See also: Chapter 13: Context Engineering, Lab 09, Lab 11

RAG (Retrieval Augmented Generation) — technique for augmenting agent context with relevant documents from knowledge base via vector search. Documents are split into chunks, converted to vectors (embeddings), similar vectors are searched on query.

See also: Chapter 06: RAG and Knowledge Base

Agentic RAG — RAG integrated into the Agent Loop. The agent decides when and where to search, evaluates result quality, and can search again.

Self-RAG — RAG with self-assessment. The model evaluates relevance of retrieved documents and decides whether to answer, refine the query, or search again.

Hybrid Search — combination of keyword search (BM25) and vector search. Merges results via Reciprocal Rank Fusion.

Planning and Architecture

Planning — the agent's ability to break down a complex task into a sequence of simple steps and execute them in the correct order. Levels: implicit (ReAct), explicit (Plan-and-Solve), hierarchical.

See also: Chapter 09: Agent Anatomy

State Management — managing task execution state: progress, what's done, what's pending, resumption capability. Includes tool idempotency, retries with exponential backoff, deadlines, persist state.

See also: Chapter 11: State Management

Checkpoint — a snapshot of agent state at a given point in time. Allows resuming work after a failure without losing progress.

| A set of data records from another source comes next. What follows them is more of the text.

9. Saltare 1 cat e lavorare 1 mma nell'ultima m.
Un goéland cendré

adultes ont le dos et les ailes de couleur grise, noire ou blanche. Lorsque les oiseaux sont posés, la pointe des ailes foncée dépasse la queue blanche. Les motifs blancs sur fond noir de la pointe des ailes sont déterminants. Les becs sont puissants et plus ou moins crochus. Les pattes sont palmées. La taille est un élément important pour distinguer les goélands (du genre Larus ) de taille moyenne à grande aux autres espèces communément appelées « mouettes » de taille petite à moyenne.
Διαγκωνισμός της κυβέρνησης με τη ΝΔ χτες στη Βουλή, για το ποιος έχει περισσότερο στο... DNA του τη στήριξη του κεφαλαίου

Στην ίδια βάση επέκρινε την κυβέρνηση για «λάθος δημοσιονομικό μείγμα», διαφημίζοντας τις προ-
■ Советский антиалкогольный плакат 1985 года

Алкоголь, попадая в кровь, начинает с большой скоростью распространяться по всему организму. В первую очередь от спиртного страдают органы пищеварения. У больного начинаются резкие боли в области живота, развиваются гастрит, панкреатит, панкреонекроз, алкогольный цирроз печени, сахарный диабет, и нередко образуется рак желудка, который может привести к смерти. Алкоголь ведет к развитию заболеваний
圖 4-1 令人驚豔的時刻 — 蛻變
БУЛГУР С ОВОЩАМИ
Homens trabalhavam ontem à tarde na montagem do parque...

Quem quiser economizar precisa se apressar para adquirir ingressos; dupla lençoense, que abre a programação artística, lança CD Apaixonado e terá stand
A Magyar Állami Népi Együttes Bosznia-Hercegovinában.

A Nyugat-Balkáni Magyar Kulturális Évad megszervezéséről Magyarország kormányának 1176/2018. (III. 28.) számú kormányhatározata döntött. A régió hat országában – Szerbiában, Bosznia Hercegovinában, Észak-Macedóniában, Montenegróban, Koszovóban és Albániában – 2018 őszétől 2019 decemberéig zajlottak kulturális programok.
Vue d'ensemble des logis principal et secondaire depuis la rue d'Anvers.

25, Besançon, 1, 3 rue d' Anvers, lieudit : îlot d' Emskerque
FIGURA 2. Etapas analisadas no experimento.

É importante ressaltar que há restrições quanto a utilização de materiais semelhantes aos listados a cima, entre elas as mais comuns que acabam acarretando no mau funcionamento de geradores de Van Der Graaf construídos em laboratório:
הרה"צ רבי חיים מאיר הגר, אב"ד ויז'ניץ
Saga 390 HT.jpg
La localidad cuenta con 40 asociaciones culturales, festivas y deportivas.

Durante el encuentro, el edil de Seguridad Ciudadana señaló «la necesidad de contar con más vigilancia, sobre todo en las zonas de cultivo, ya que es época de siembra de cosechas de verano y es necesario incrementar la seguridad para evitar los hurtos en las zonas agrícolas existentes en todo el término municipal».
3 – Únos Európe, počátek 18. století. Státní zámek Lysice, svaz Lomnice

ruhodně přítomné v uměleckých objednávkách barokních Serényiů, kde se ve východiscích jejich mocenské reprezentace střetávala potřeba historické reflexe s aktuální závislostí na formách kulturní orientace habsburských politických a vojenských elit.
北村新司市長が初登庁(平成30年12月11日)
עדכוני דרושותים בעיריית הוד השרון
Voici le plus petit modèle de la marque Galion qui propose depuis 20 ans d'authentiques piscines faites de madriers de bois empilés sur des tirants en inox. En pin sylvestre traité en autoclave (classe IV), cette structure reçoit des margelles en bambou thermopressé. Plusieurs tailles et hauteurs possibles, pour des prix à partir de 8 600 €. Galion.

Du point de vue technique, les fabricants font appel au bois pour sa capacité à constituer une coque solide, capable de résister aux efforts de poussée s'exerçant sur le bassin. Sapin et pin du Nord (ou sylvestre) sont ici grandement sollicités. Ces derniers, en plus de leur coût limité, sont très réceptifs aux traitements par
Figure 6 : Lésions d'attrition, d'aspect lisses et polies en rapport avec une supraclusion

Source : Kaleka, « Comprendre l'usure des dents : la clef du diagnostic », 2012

Reflexion — agent self-correction technique through error analysis. Cycle: Act → Observe → Fail → REFLECT → Plan Again. Agent analyzes why action didn't work and plans again.

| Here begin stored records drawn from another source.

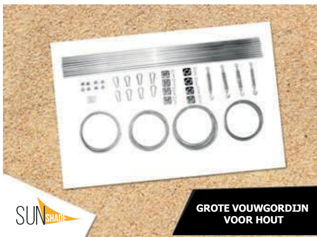
GROTE VOUWGORDIJN VOOR HOUT
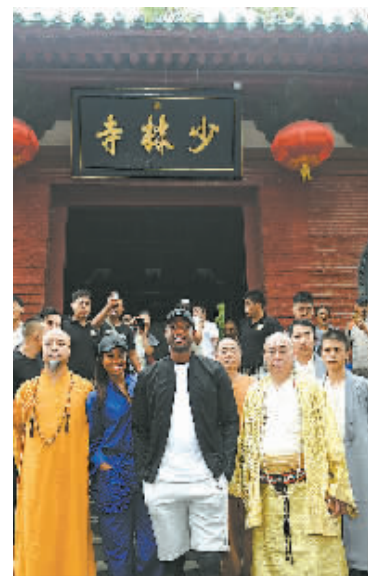
7月19日，韦德(前排右二)在少林寺景区内与陪同者合影留念。

NBA总冠军的韦德离开他效力了13年的迈阿密热火队，转投自己的家乡球队芝加哥公牛队。
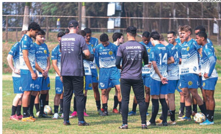
Cascavel joga em Santa Catarina para manter boa fase do sub-20

A primeira rodada será completa hoje, com Curitiba x Figueirense. Nos jogos dispu-
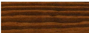
HI 2013 DARK WALNUT
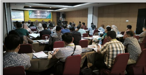
Pelaksanaan Kegiatan Ujian Sertifikasi Pengadaan Barang dan Jasa Pemerintah Level 1 24 – 26 Juli 2025 di Hotel Grand Antares, Medan
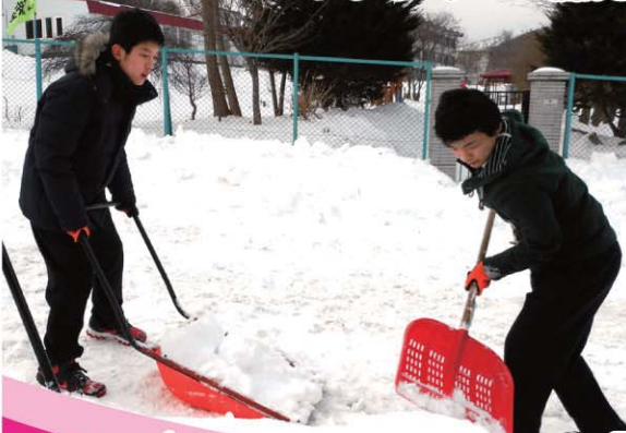
レンジャーに協力してくれたみなさん

ご自身での雪かきが難しい方 お困りさん と、 お手伝いできるボランティアの 雪かきレンジャー を結びつけ、 地域の雪かきをサポートする事業です。 ★登録制 ★詳しくはお問い合わせください
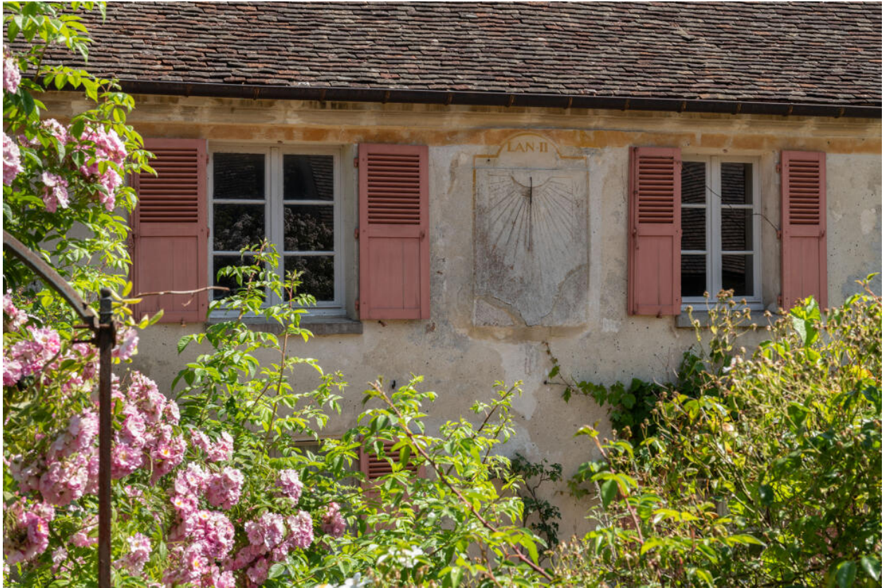
Détail de la façade sud de l'ancien presbytère.
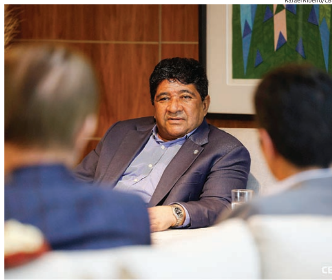
A Justiça chegou a tirar Ednaldo Rodrigues do poder e invalidar a eleição

Foi um TAC firmado entre o Ministério Público e a CBF que serviu de alicerce para a realização da eleição que levou Ednaldo Rodrigues ao poder, em 2022. Quando a Justiça, em dezembro de 2023, decidiu que o MP não tinha a prerrogativa legal de fazer o TAC, declarou inválido o
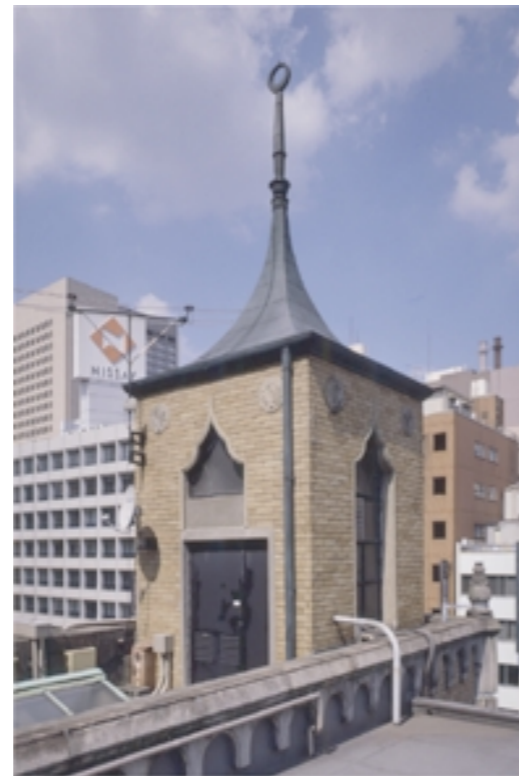
竣工時のまま使われている塔屋。 当時は高い建物がなかったため、火の見やぐら的に使用されていた

See also: Chapter 09: Agent Anatomy

Security and Reliability

Junior-Employee Model — the central mental model of the course: the agent is a new employee, an intern. It can do useful work, but you wouldn't hand it a production root, the ability to send emails to customers, or the right to delete files without confirmation on day one. Four asymmetries make it more dangerous than a human intern: (1) speed — thousands of actions per minute, no time for "wait, what am I doing"; (2) parallelism — N copies in N sessions in parallel; (3) no consequences — no career, no fear of being fired, no "common sense"; (4) prompt injection as social engineering — any external text (issue, web page, email) can become an "instruction from the boss". From this follow all the rules: HITL by default for irreversible actions, RBAC per tool, sandboxes, audit, dry-run, rate limits.

See also: Preface: Mental Model, Chapter 17: Security and Governance

Blast Radius — the breadth of damage from a single agent action if it turns out wrong. A read-only kubectl get pods has small radius (just CPU); kubectl delete deployment in prod — huge (downtime). The rule: the larger the radius, the higher the requirements — HITL, dry-run, separate confirmation, narrow RBAC, separate service account. Used in risk classification of tools (Ch. 03, Ch. 17).

See also: Chapter 03: Tools and Function Calling, Chapter 17: Security and Governance

Recovery State Machine — the agent's structured response to an error from the LLM or a tool. Instead of "got an error → blew up", we move into the state Retry / Backoff / Fallback / Escalate. Examples: tool returned a 5xx → exponential backoff and retry (idempotent only); LLM returned malformed JSON → ask for repair; the same tool errors out 3 times → switch to fallback / report to the user; critical action without confirmation → escalate to HITL. Without an explicit state machine, the agent gets stuck in retry loops or silently corrupts data.

See also: Chapter 04: Agent Loop and ReAct, Chapter 08: Evals and Reliability, Chapter 19: Observability and Tracing

Grounding — anchoring agent to real data through Tools/RAG to avoid hallucinations. Agent must use tools to get facts, not invent them.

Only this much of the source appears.